6. Von Neumann and Natural Selection

By Luis M. Rocha

Lecture notes for SSIE483X/583X - Evolutionary Systems and Biologically Inspired Computing. Spring 2022. Systems Science and Industrial Engineering Department, Thomas J. Watson School of Engineering and Applied Science, Binghamton University. Also available in adobe acrobat pdf format

"Turing invented the stored-program computer, and von Neumann showed that the description is separate from the universal constructor. This is not trivial. Physicist Erwin Schrödinger confused the program and the constructor in his 1944 book What is Life?, in which he saw chromosomes as “architect's plan and builder's craft in one”. This is wrong. The code script contains only a description of the executive function, not the function itself." [Brenner, 2012]

Von Neumann thought of his logical model of self-reproduction as an answer to the observation that, unlike machines, biological organisms have the ability to self-replicate while seemingly increasing their complexity without limit. Mechanical artefacts are instead produced via more complicated factories (as opposed to self-production) and can only degenerate in their complexity. He was searching for a threshold of complexity beyond which machines self-reproduce (with no outside control) while possibly increasing their complexity.

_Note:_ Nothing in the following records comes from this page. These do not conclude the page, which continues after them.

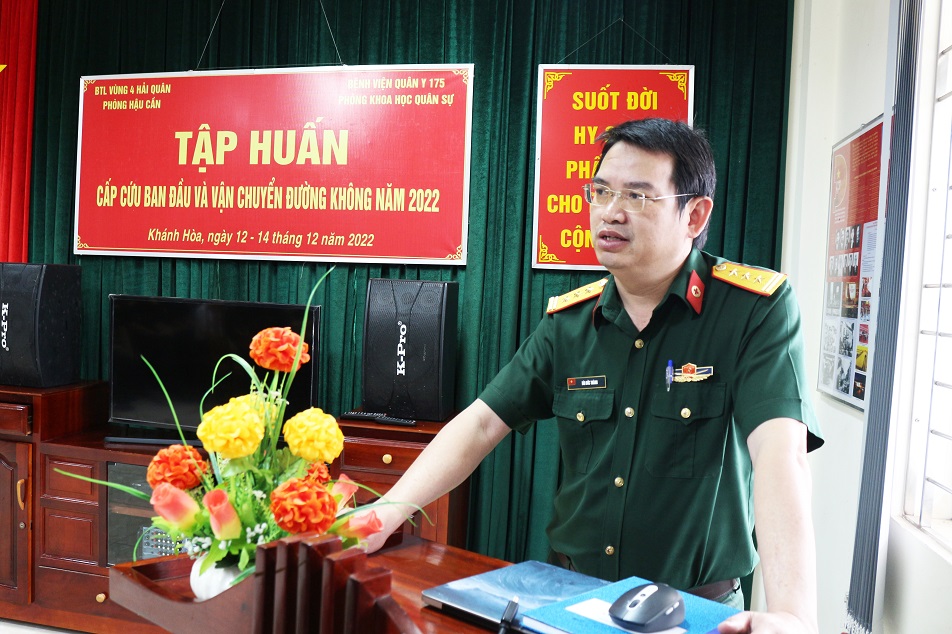 Sáng 12/12, tại TP. Cam Ranh, tỉnh Khánh Hoà, Bộ Tư lệnh Vùng 4 Hải quân phối hợp cùng Bệnh viện Quân y 175 và Học viện Quân y khai mạc lớp tập huấn cấp cứu ban đầu và vận chuyển đường không năm 2022. Thượng tá TS, BS Bùi Đức Thành, Phó Giám đốc Bệnh viện Quân y 175 dự và phát biểu khai mạc.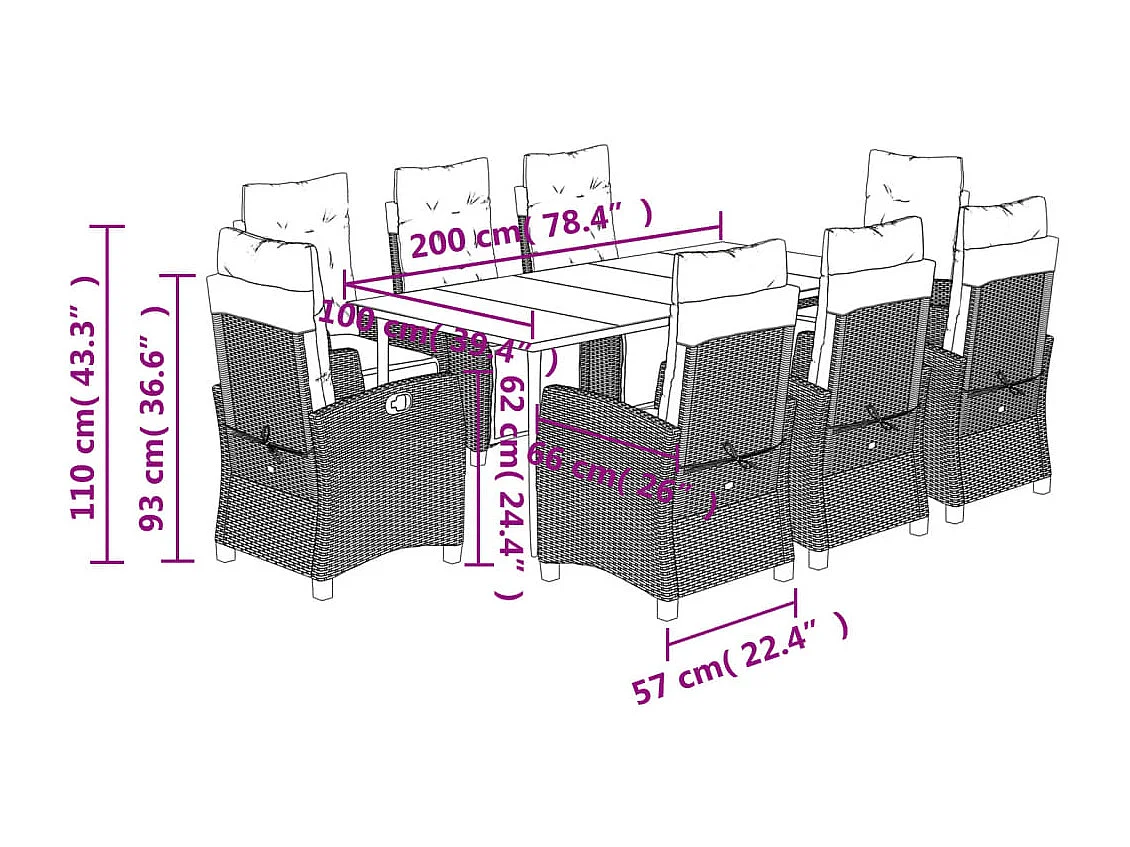 Ensemble à manger de jardin 9 pièces coussins noir résine tressée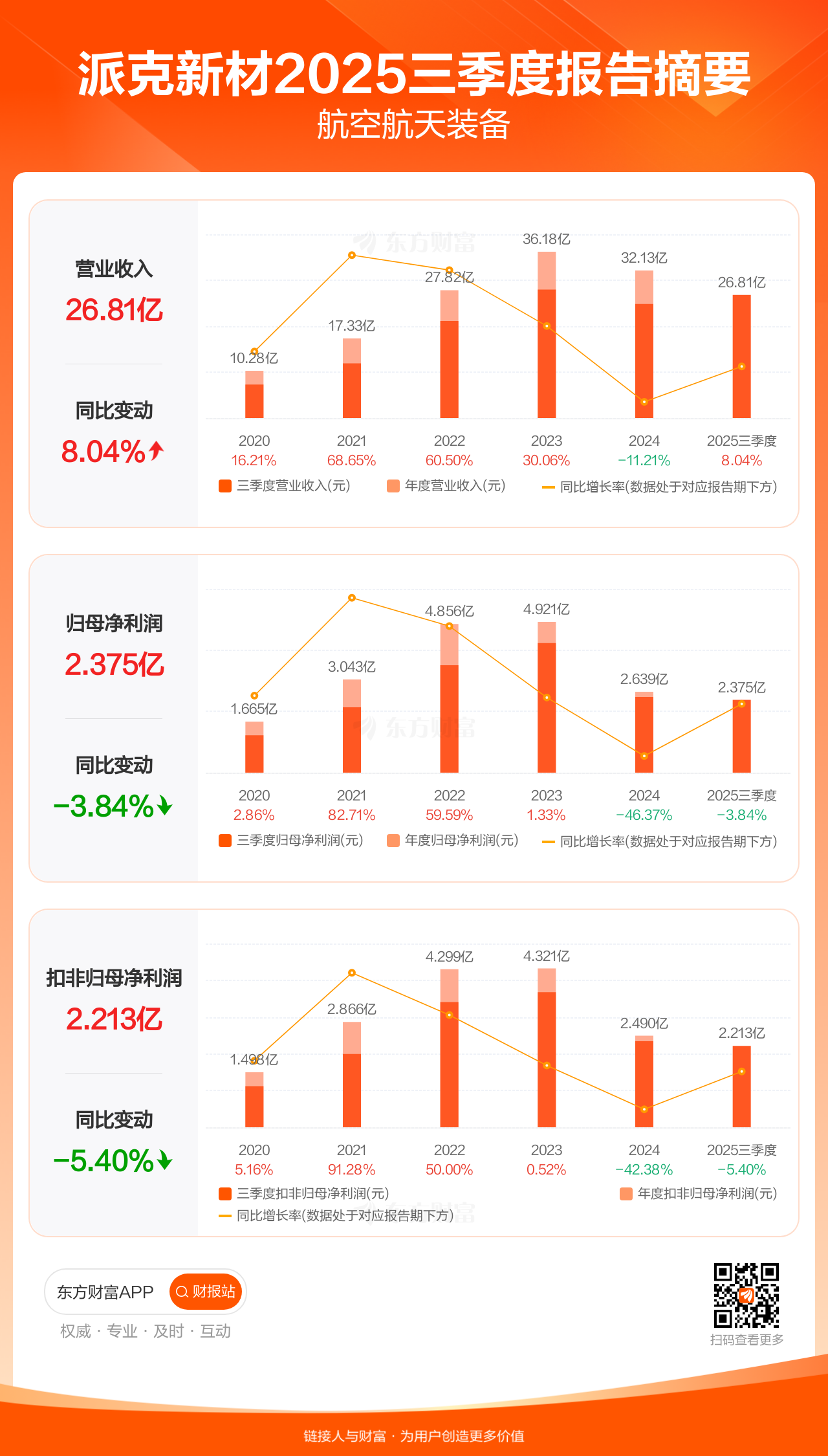 派克新材10月30日发布2025年三季报显示,公司前三季实现营业收入26.81亿元,同比增长8.04%;归母净利润2.37亿元,同比下滑3.84%;扣非归母净利润2.21亿元,同比下滑5.40%。

Von Neumann concluded that this threshold entails a memory-stored description Φ(X) that can be interpreted by a universal constructor automaton A to produce any automaton X; if a description of A, Φ(A), is fed to A itself, then a new copy of A is obtained. However, to avoid a logical paradox of self-reference, the description, which cannot describe itself, must be both copied (uninterpreted role) and translated (interpreted role) into the described automaton. This way, in addition to the universal constructor, an automaton B capable of copying any description, Φ(X), is included in the self-replication scheme. A third automaton C is also included to perform all the manipulation of descriptions necessary—a sort of operating system. To sum it up, the self-replicating system contains the set of automata (A + B + C) and a description Φ(A + B + C); the description is fed to B which copies it three times (assuming destruction of the original); one of these copies is then fed to A which produces another automaton (A + B + C); the second copy is then handled separately to the new automaton which together with this description is also able to self-reproduce; the third copy is kept so that the self-reproducing capability may be maintained (it is also assumed that A destroys utilized descriptions). See Figure 1(i) for a visual representation.

Von Neumann Self-Replication

Von Neuman's (threshold of complexity) scheme for evolving machines. i) The four necessary automata and their separate description. ii) A mutation to the description of automaton D' leads to offspring variation in subsequent generation.

Notice that the description, or program, is used in two different ways: it is both translated and copied. In the first role, it controls the construction of an automaton by causing a sequence of activities in the machine—Von Neumann named it the active role of information. In the second role, the description is simply copied without reference to its meaning—the passive role of information. In other words, the interpreted description controls construction, and the uninterpreted description is copied separately, passing along its stored information (memory) to the next generation. This parallels the horizontal and vertical transmission of genetic information in biological organisms, which is all the more remarkable since Von Neumann proposed this scheme before the structure of the DNA molecule was uncovered by Watson and Crick[1953]—though after the Avery-MacLeod-McCarty [1944] experiment which identified DNA has the carrier of genetic information.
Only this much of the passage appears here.